Sections 3.01 through 3.05 of the revenue procedure provide instructions on correcting five of the six foot faults that the IRS has historically treated as not affecting the validity or continuation of an S corporation or QSub election. They are:

  1. Agreements or arrangements that don’t have a principal purpose of circumventing the requirement of only one class of stock. Because entering into these agreements or arrangements will not result in termination of S corporation status, taxpayers do not need to seek relief from the IRS and the IRS will not rule in these situations.
  2. Disproportionate distributions made by S corporations with governing provisions that provide for identical distribution and liquidation rights. Because disproportionate distributions made in these circumstances will not result in the termination of S corporation status, taxpayers do not need to seek relief from the IRS and the IRS will not rule in these situations.

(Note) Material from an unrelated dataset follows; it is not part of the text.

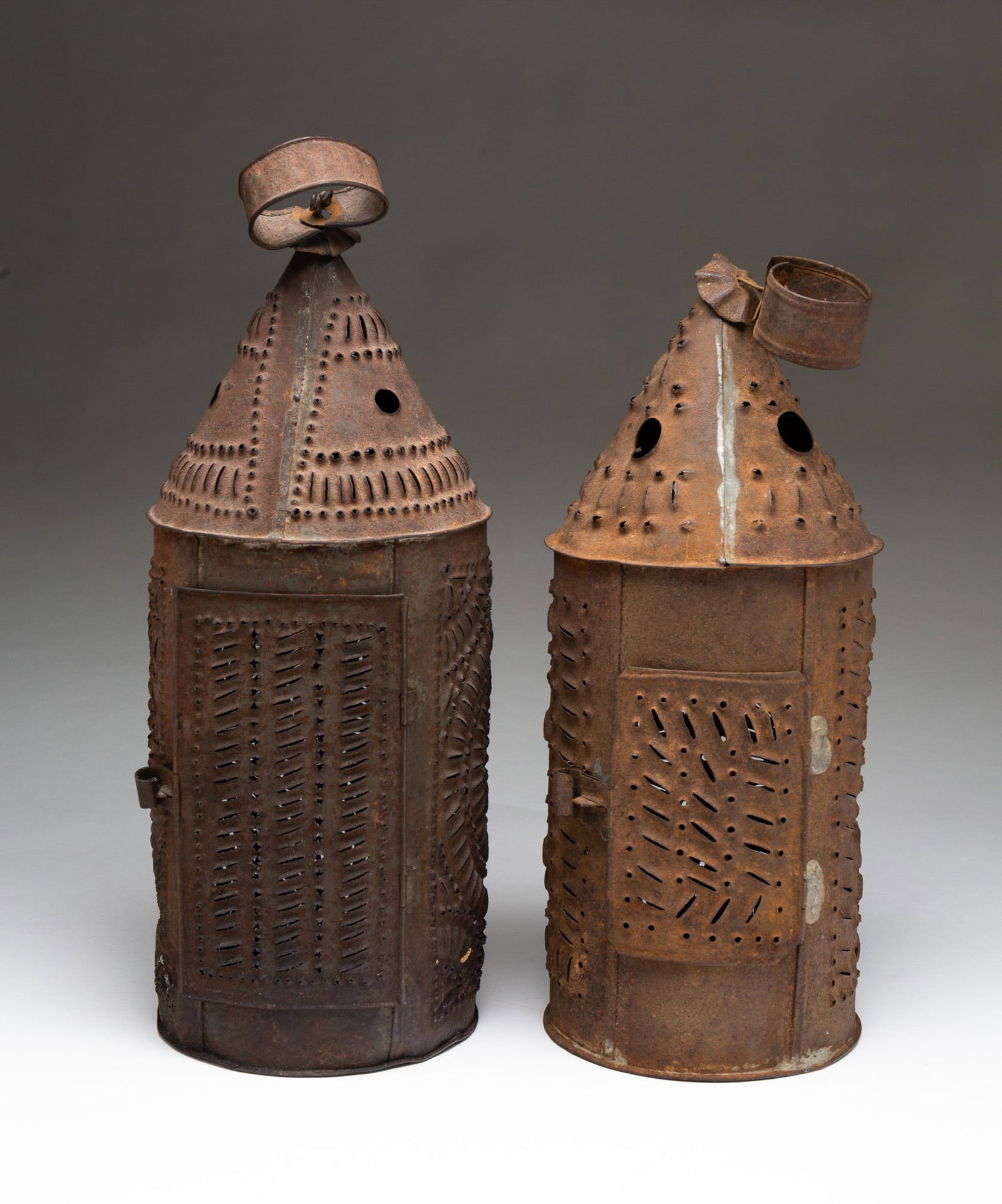 TWO AMERICAN PUNCHED TIN CANDLE LANTERNS.

  3. Missing shareholder consents, errors with regard to a permitted year, missing officer’s signatures and other inadvertent errors and omissions. The revenue procedure provides instructions for addressing these inadvertent errors.
  4. Missing administrative acceptance letters for S corporation or QSub elections. The revenue procedure provides an address for requesting replacement acceptance letters.
  5. Federal income tax return filings inconsistent with an S election or a QSub election. A corrected original return or amended return should be filed as soon as possible.
Section 3.06 addresses the sixth foot fault: S corporation elections that were inadvertently invalidated or terminated solely due to the adoption of one or more non-identical governing provisions. The term “non-identical governing provisions” refers to an entity with binding provisions regarding distribution and liquidation proceeds that result in the entity having more than one class of stock, even if the entity never made a non-pro-rata distribution or liquidating distribution. The S corporation must complete and retain a “Corporate Governing Provision Statement,” and the shareholders must complete and retain a “Shareholder Statement,” explaining why the nonidentical governing provisions were adopted, how they were discovered, and how they were corrected or removed. The revenue procedure’s appendix provides a sample of each statement and the statements must be made available to the IRS upon request.

The IRS has confirmed that these new self-help remedies for retroactively fixing invalid S corporation elections apply to limited liability companies that fail to update their operating agreement before filing an election.